Lines from the beginning of the material below through the line that has "This postcard features" are to be reproduced exactly, but pictures are not.

START Data records

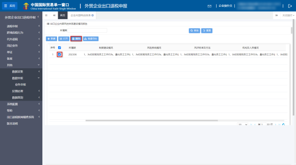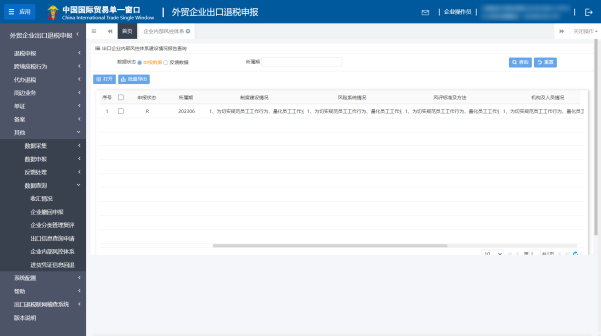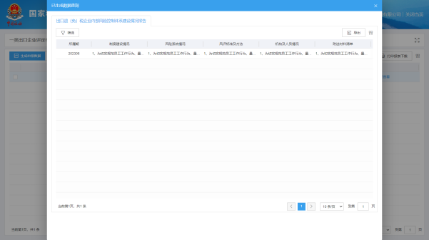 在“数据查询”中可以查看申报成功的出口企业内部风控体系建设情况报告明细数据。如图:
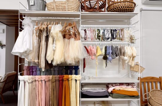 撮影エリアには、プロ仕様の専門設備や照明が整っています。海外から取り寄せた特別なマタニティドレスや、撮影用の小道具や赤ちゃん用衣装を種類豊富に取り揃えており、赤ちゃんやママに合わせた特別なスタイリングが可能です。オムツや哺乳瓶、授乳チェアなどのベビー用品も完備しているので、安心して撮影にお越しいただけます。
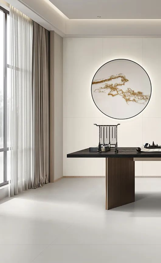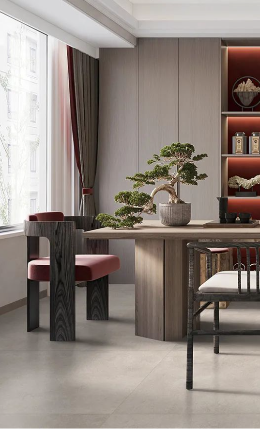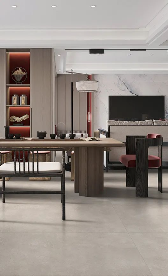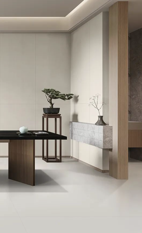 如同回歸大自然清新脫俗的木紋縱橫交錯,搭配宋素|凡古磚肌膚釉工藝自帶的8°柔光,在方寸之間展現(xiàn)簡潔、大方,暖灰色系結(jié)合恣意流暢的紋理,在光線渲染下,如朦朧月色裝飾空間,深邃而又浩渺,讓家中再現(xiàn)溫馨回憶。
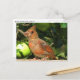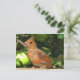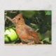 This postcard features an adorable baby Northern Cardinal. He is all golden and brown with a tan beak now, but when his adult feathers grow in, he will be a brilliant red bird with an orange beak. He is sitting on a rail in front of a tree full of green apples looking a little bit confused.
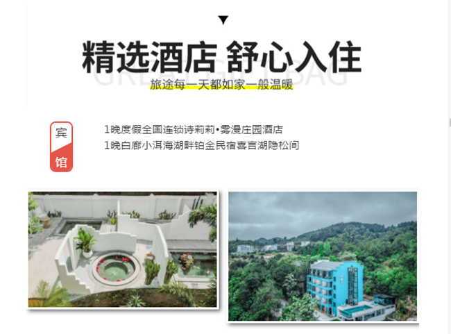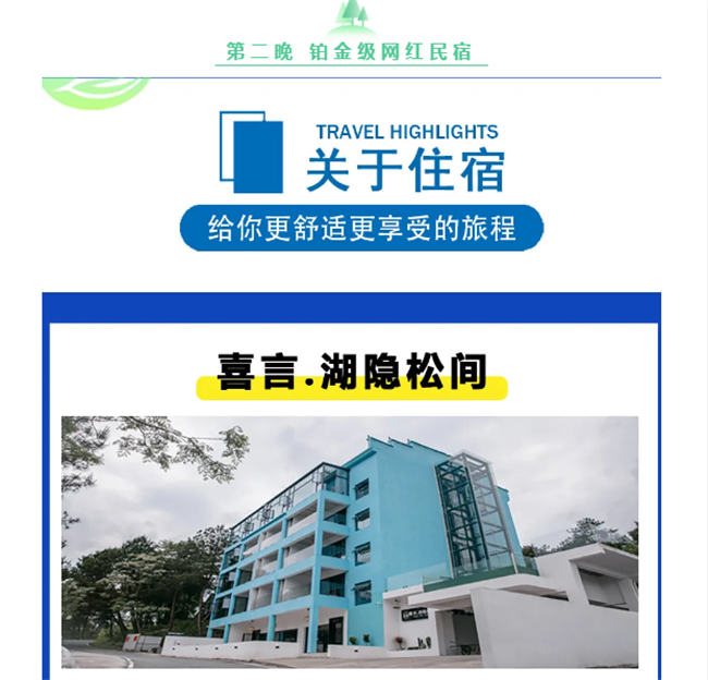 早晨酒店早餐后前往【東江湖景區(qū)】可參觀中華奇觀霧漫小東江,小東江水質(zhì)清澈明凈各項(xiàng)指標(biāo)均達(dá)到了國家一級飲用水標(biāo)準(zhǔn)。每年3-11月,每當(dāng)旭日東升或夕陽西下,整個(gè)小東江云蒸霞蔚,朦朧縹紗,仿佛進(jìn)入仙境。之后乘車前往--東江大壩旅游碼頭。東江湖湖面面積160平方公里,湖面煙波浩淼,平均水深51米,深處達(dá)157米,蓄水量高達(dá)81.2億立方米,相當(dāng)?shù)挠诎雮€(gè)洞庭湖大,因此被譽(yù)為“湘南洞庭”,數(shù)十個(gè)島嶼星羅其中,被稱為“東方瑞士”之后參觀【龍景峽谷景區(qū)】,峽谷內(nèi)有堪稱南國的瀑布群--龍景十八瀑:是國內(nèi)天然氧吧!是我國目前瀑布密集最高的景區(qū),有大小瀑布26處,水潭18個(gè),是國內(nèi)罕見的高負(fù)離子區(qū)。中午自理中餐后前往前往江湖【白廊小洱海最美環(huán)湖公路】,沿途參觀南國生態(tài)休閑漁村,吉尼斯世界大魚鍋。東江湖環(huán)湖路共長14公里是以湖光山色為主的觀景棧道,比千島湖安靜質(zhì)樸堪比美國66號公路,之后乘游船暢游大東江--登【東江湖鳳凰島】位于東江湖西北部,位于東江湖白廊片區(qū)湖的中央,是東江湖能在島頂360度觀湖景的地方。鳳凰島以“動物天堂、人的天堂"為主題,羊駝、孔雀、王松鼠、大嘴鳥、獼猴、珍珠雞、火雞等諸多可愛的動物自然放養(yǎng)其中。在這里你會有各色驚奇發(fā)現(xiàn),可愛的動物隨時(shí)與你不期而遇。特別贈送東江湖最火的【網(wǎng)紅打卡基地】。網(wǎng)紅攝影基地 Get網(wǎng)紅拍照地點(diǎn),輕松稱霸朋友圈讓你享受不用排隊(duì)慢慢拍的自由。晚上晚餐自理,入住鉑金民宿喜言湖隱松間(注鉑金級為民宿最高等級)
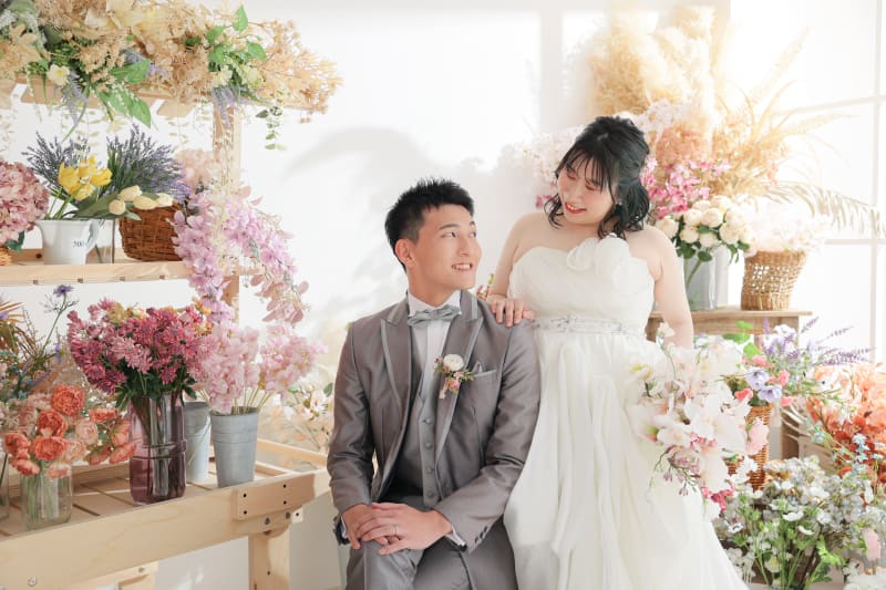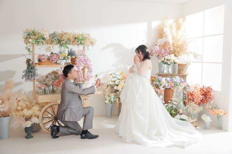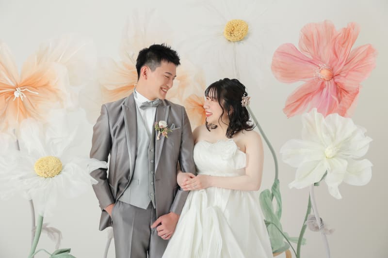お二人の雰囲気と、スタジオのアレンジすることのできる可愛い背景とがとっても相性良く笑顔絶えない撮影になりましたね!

END Data records

> [Final answer]:
 在“数据查询”中可以查看申报成功的出口企业内部风控体系建设情况报告明细数据。如图:
 撮影エリアには、プロ仕様の専門設備や照明が整っています。海外から取り寄せた特別なマタニティドレスや、撮影用の小道具や赤ちゃん用衣装を種類豊富に取り揃えており、赤ちゃんやママに合わせた特別なスタイリングが可能です。オムツや哺乳瓶、授乳チェアなどのベビー用品も完備しているので、安心して撮影にお越しいただけます。
 如同回歸大自然清新脫俗的木紋縱橫交錯,搭配宋素|凡古磚肌膚釉工藝自帶的8°柔光,在方寸之間展現(xiàn)簡潔、大方,暖灰色系結(jié)合恣意流暢的紋理,在光線渲染下,如朦朧月色裝飾空間,深邃而又浩渺,讓家中再現(xiàn)溫馨回憶。
 This postcard features an adorable baby Northern Cardinal. He is all golden and brown with a tan beak now, but when his adult feathers grow in, he will be a brilliant red bird with an orange beak. He is sitting on a rail in front of a tree full of green apples looking a little bit confused.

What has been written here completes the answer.